■ Exercise requirements ■
All the lines below should be set down exactly, with no picture carried into the copy.

■ Records to process ■
┄┄┄┄┄┄

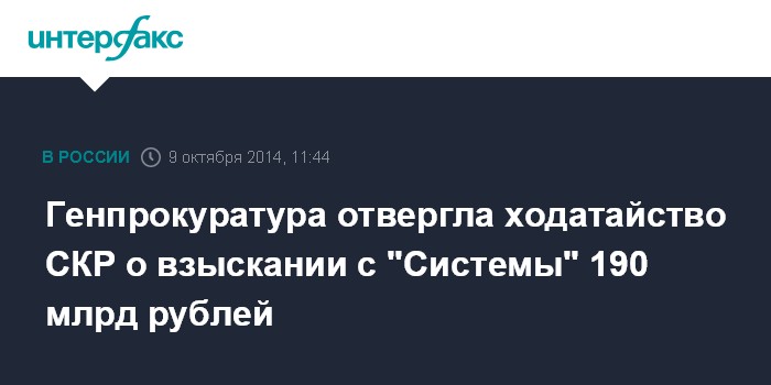 Генпрокуратура отвергла ходатайство СКР о взыскании с "Системы" 190 млрд рублей
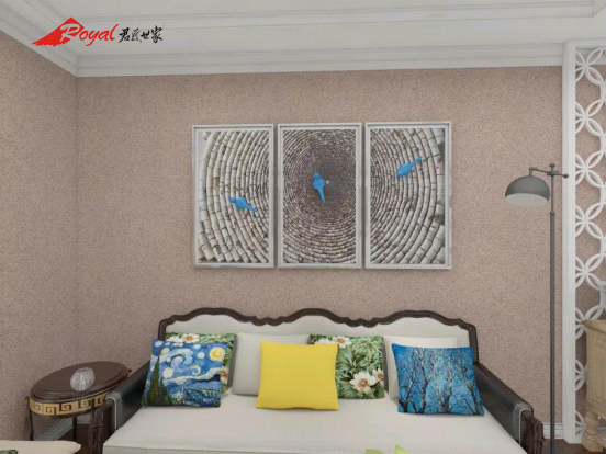 君匠世家藝術(shù)壁材的七彩貝殼涂料,經(jīng)過高溫去油去雜質(zhì)后,沙粒內(nèi)部變得多孔疏松,有利于吸收乳液混合物等輔助性施工材料,由此被吸收到內(nèi)部的乳液混合物成膜后相互連結(jié)使表面更緊密更耐候。其次,由于砂粒內(nèi)部疏松排布鏈狀相連,使乳液充分滲透到涂層內(nèi)部,成膜后有良好的抗開裂性和折疊性,能經(jīng)受10次以上的平涂紙卡對折測試。
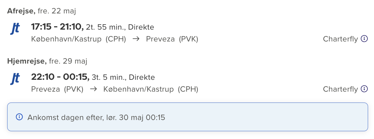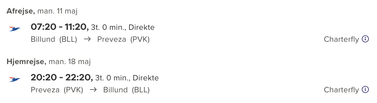 Hvis rejsen er med “Vis rejse” link, så er der tale om en pakkerejse, hvor fly og hotel bestilles på en gang.
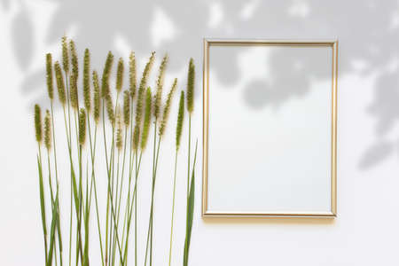 Mockup. A wooden photo frame on a textured wall with stalks of fluffy dried grass.
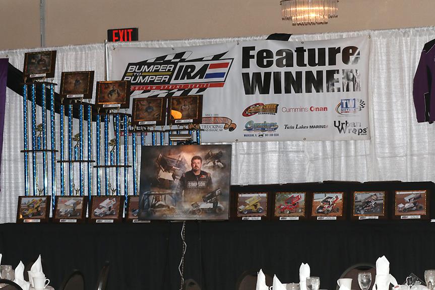 IRA President Steve Sinclair honored videographer Jeff Fischer (Grandstand Video), and photographer/graphic designers Rob Eisentraut (RC Custom Design), David Frickie (Urban Wraps), and Dave Olson (Studio 360), plus media members Dana & Paul Kuyawa with Appreciation Awards, while Sinclair later accepted an award on behalf of the Bumper To Bumper IRA Outlaw Sprint Series from Jim Eckert of the Disabled American Veterans. The group had successful fundraising events at Wilmot Raceway IRA events.
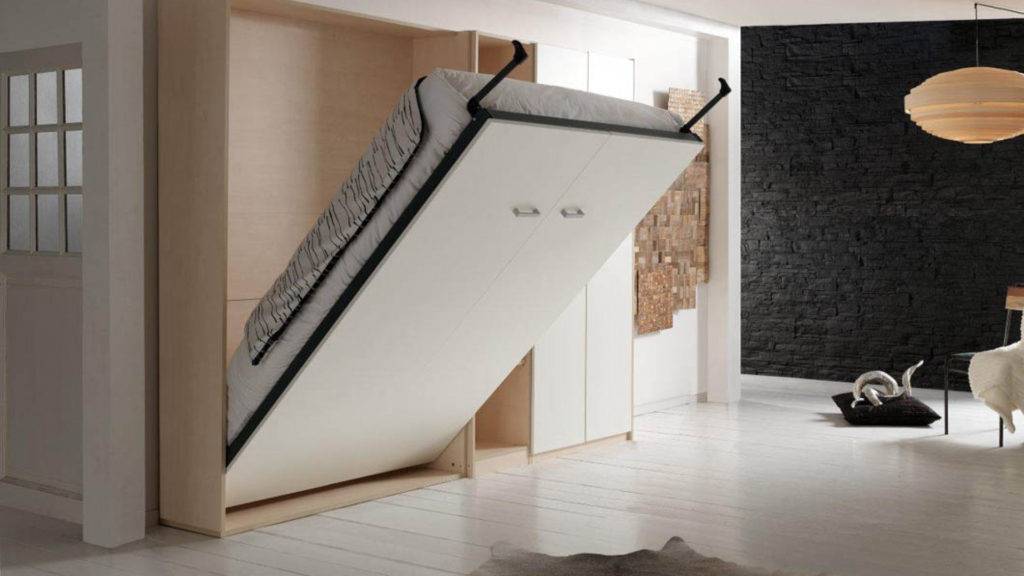 Откидная кровать будет уместна в очень тесной квартире. Днем она прячется в небольшом шкафу, превращаясь в кровать только на ночь.
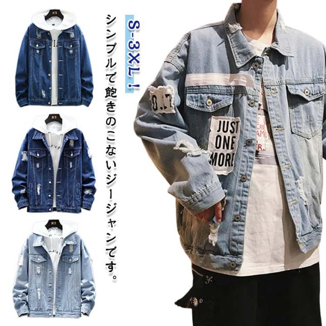 デニムジャケット ダメージ デニムジャケット メンズ Gジャン 春服 ジージャン 折り襟 春ジャケット デニムブルゾン ゆったり ブルゾン 秋服 大きいサイズ ビッグシルエット 20代 30代

┄┄┄┄┄┄

■ Solution below ■
 Генпрокуратура отвергла ходатайство СКР о взыскании с "Системы" 190 млрд рублей
 君匠世家藝術(shù)壁材的七彩貝殼涂料,經(jīng)過高溫去油去雜質(zhì)后,沙粒內(nèi)部變得多孔疏松,有利于吸收乳液混合物等輔助性施工材料,由此被吸收到內(nèi)部的乳液混合物成膜后相互連結(jié)使表面更緊密更耐候。其次,由于砂粒內(nèi)部疏松排布鏈狀相連,使乳液充分滲透到涂層內(nèi)部,成膜后有良好的抗開裂性和折疊性,能經(jīng)受10次以上的平涂紙卡對折測試。
 Hvis rejsen er med “Vis rejse” link, så er der tale om en pakkerejse, hvor fly og hotel bestilles på en gang.
 Mockup. A wooden photo frame on a textured wall with stalks of fluffy dried grass.
 IRA President Steve Sinclair honored videographer Jeff Fischer (Grandstand Video), and photographer/graphic designers Rob Eisentraut (RC Custom Design), David Frickie (Urban Wraps), and Dave Olson (Studio 360), plus media members Dana & Paul Kuyawa with Appreciation Awards, while Sinclair later accepted an award on behalf of the Bumper To Bumper IRA Outlaw Sprint Series from Jim Eckert of the Disabled American Veterans. The group had successful fundraising events at Wilmot Raceway IRA events.
 Откидная кровать будет уместна в очень тесной квартире. Днем она прячется в небольшом шкафу, превращаясь в кровать только на ночь.
 デニムジャケット ダメージ デニムジャケット メンズ Gジャン 春服 ジージャン 折り襟 春ジャケット デニムブルゾン ゆったり ブルゾン 秋服 大きいサイズ ビッグシルエット 20代 30代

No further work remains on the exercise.